Descubre el villancico «Ande ande ande» en Jerez, su origen histórico, picaresca y la magia de las zambombas.

El pulso de la zambomba jerezana: Historia y devoción en torno al villancico «Ande, ande, ande»

La zambomba de Jerez de la Frontera cobija un repertorio musical único en el mundo, donde el villancico «Ande ande ande» emerge como un verdadero himno de convivencia y alegría. Esta composición tradicional retumba en los patios, peñas y plazas jerezanas durante todo el mes de diciembre, transformando el encuentro vecinal en una fiesta de cultura viva.
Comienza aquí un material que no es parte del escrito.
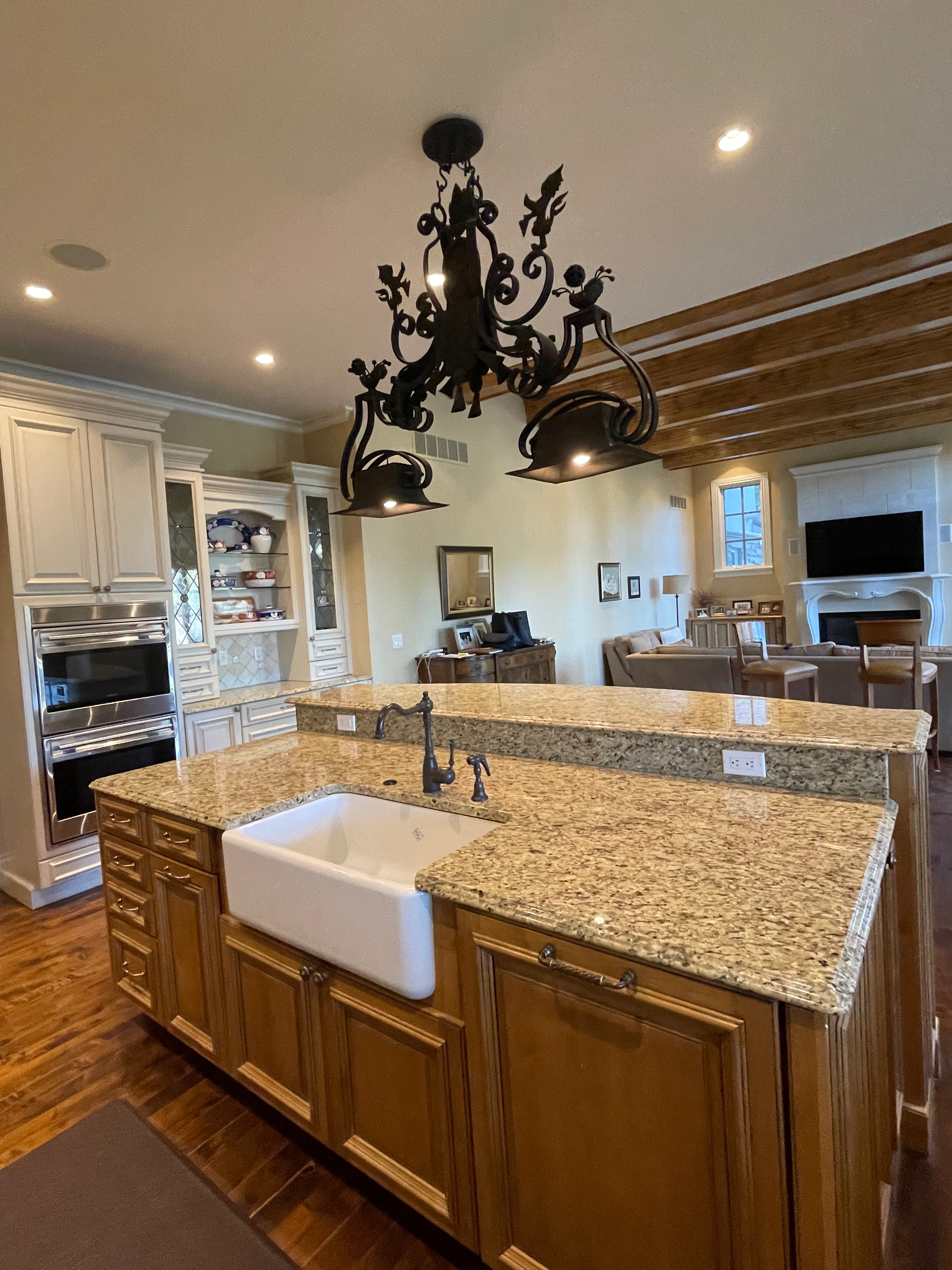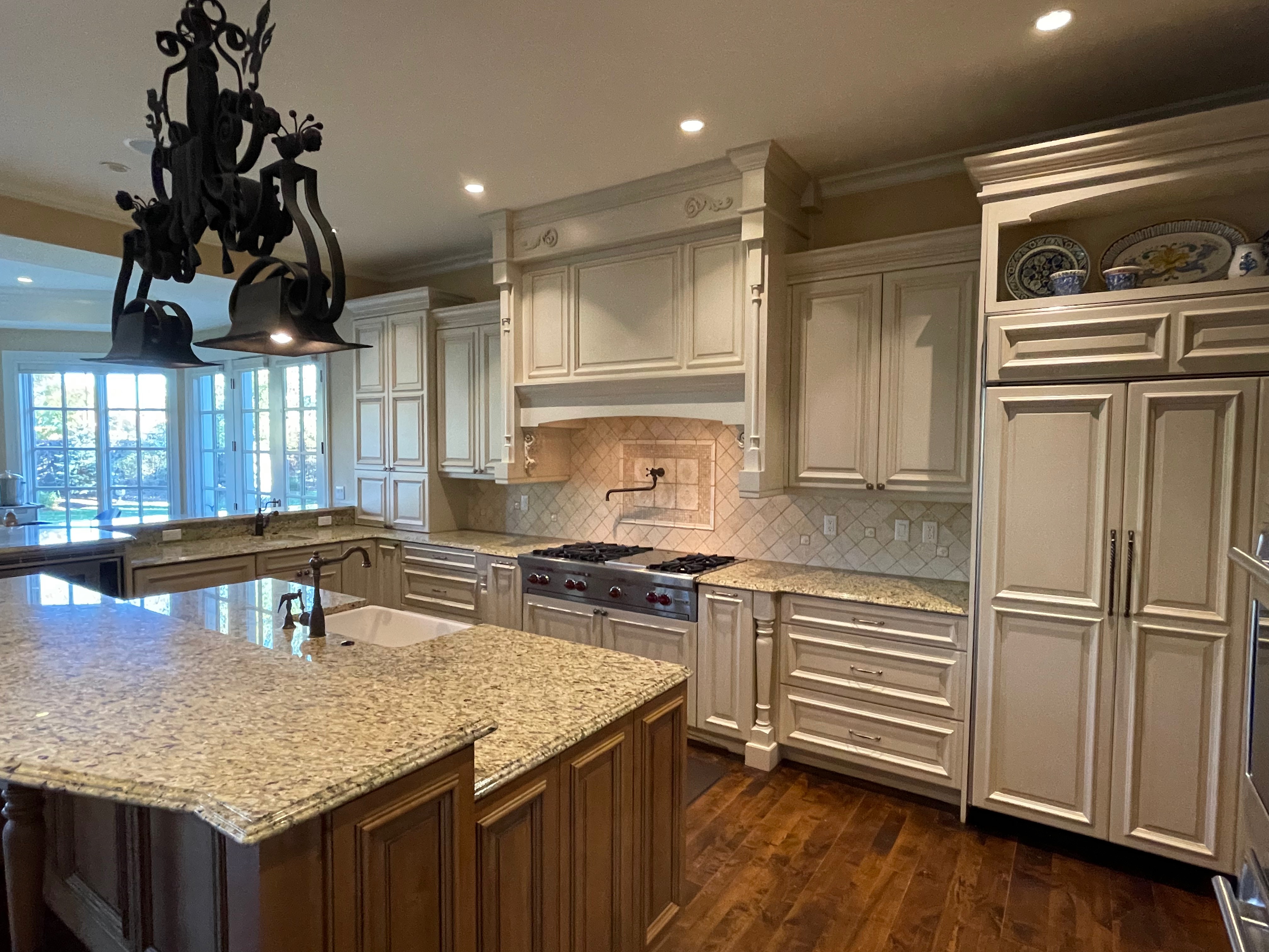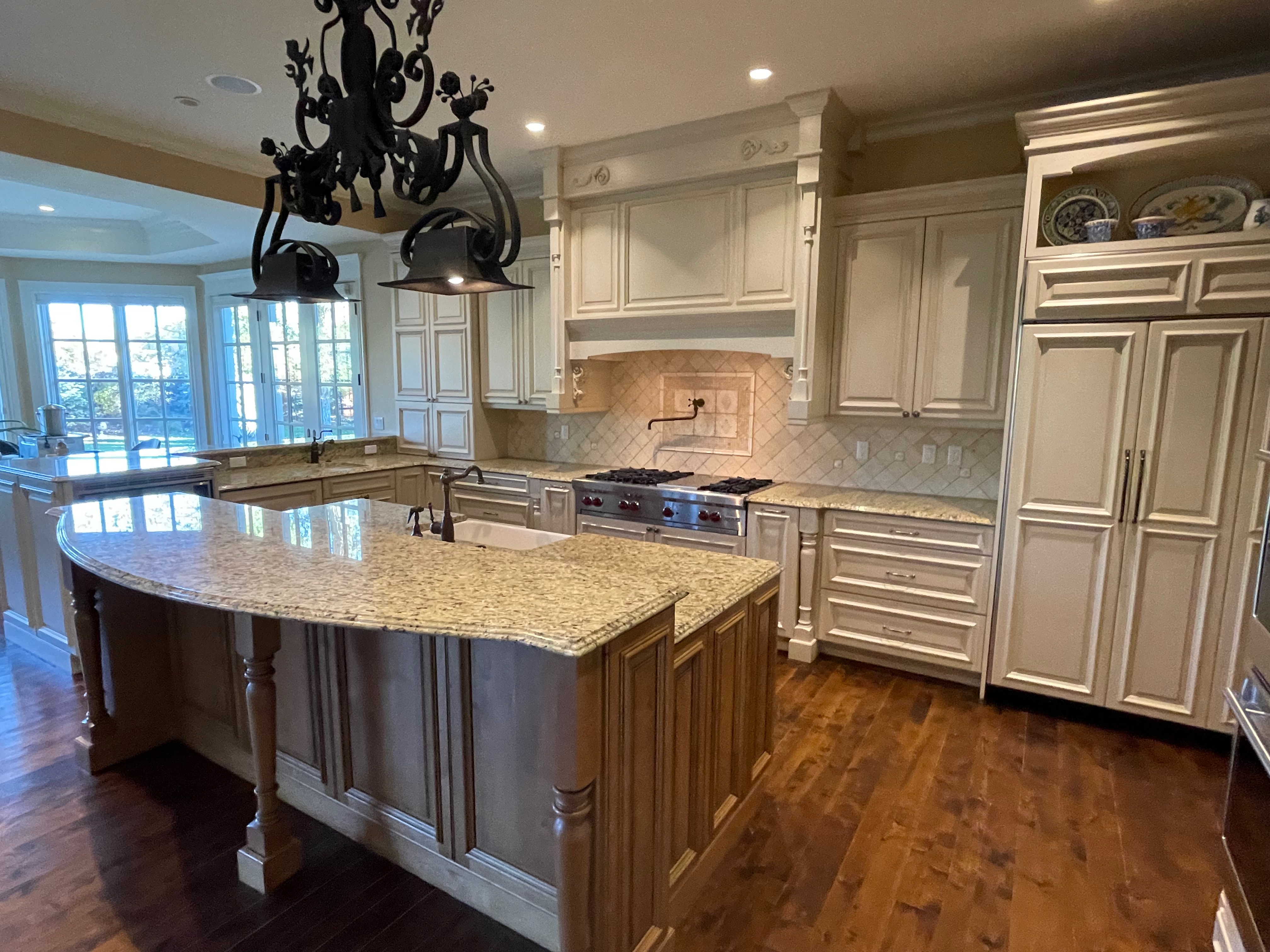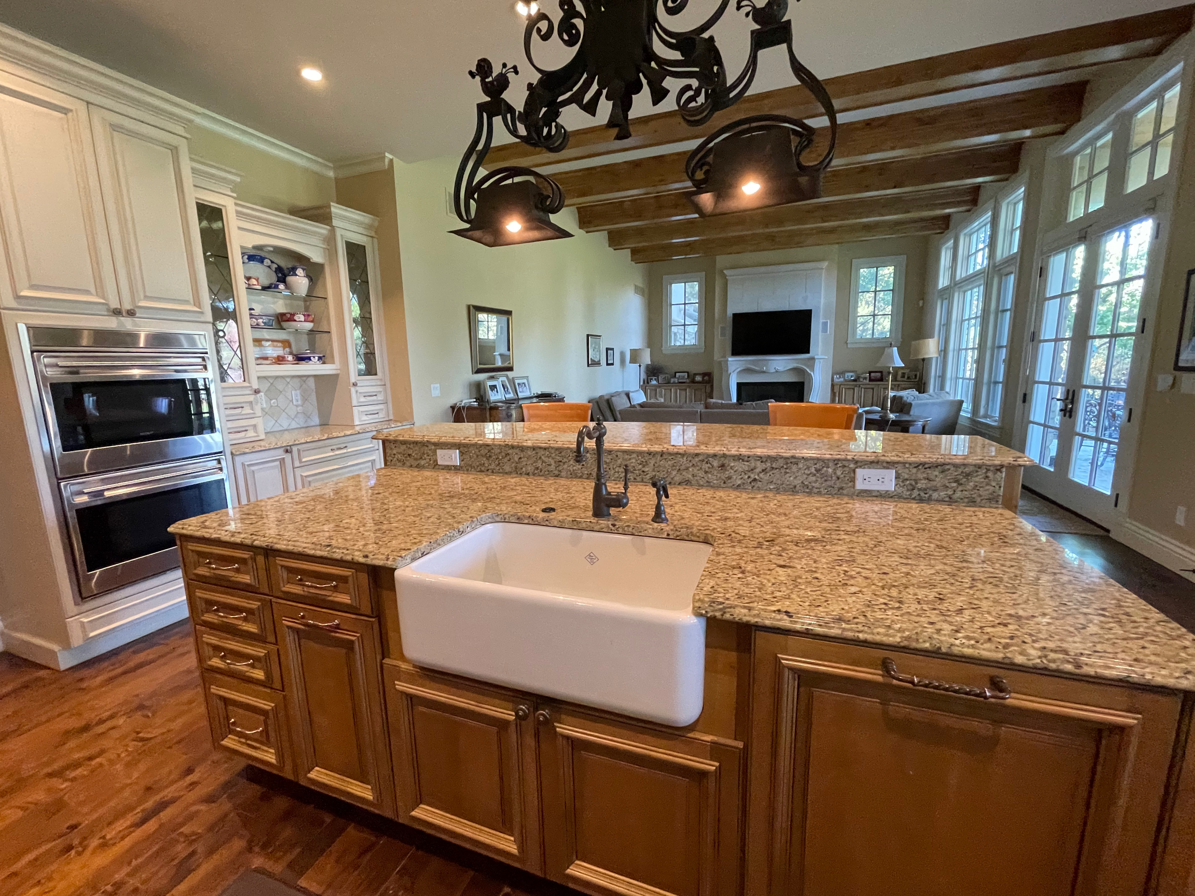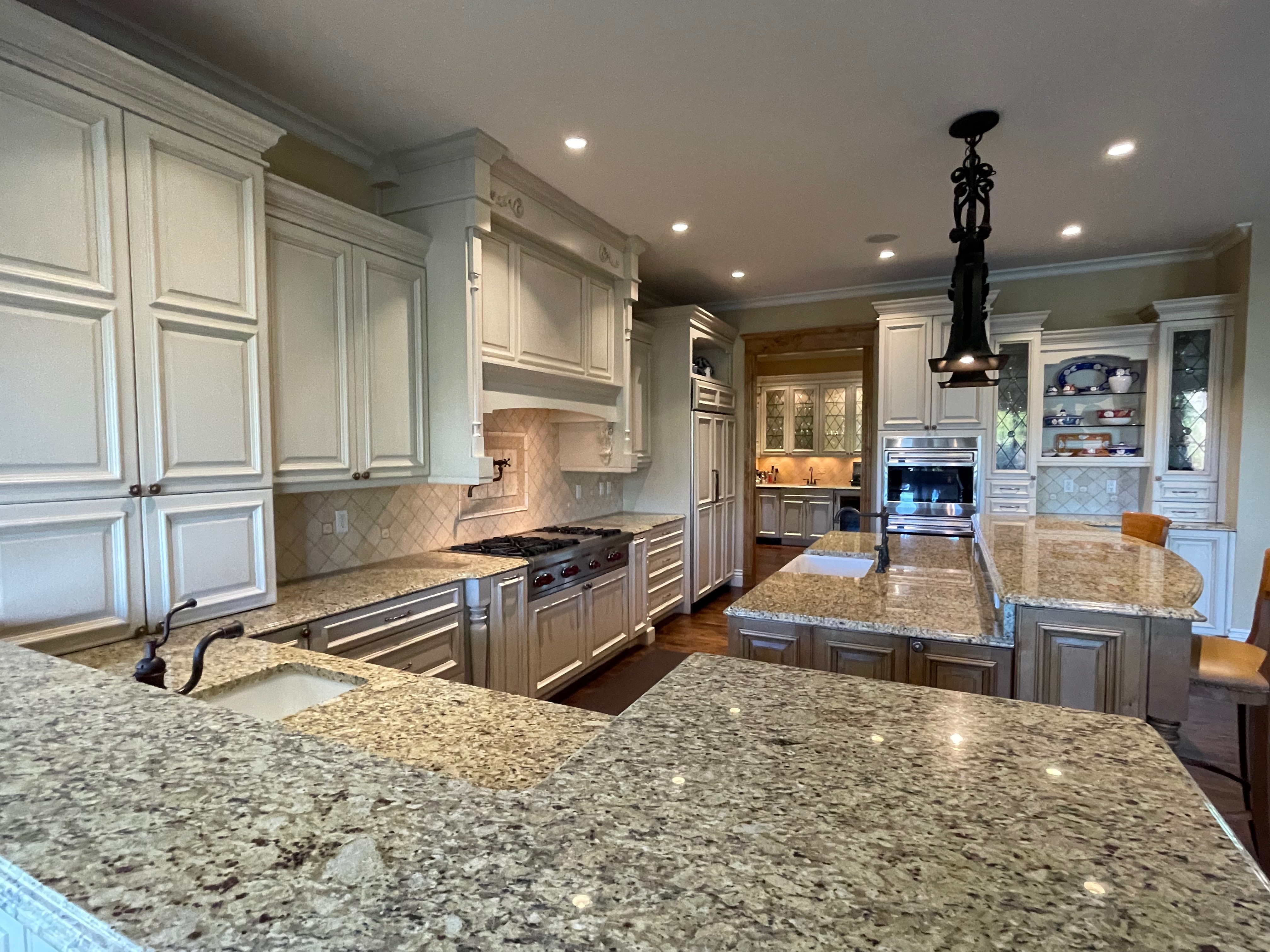 Very Nice! French country style kitchen with Crestwood cabinets, island & matching wet bar coming out of an exclusive estate. The cabinetry was made in Salina, Kansas. This beautiful set features perimeter and wet bar cabinets in a creamy off-white with the island having contrasting wood cabinets. The appliances included are the Scotsman ice maker, Asko dishwasher, hood insert and microwave. The slab granite counter tops, sinks, faucets sets and disposal are part of the set. The iron chandelier over the island could be included. The kitchen will be available to be removed by a qualified buyer or sub-contractors are available to be hired tbd late February/March.

Comprenderás a fondo el valor folclórico de sus coplas, el origen de sus estrofas más picarescas y las razones por las que esta melodía sigue uniendo a distintas generaciones en torno al fuego.

Un clásico indiscutible que vertebra la Nochebuena jerezana

El estribillo de «Ande, ande, ande» constituye una de las expresiones musicales más enérgicas y contagiosas del folclore andaluz. La tradición oral vincula el origen de esta célebre expresión a la Navidad de 1702, cuando la historia popular madrileña de la tabernera María Morena cruzó caminos con el cancionero festivo de la época. Con el paso de los siglos, el pueblo transformó aquel episodio en una copla alegre que Andalucía hizo completamente suya.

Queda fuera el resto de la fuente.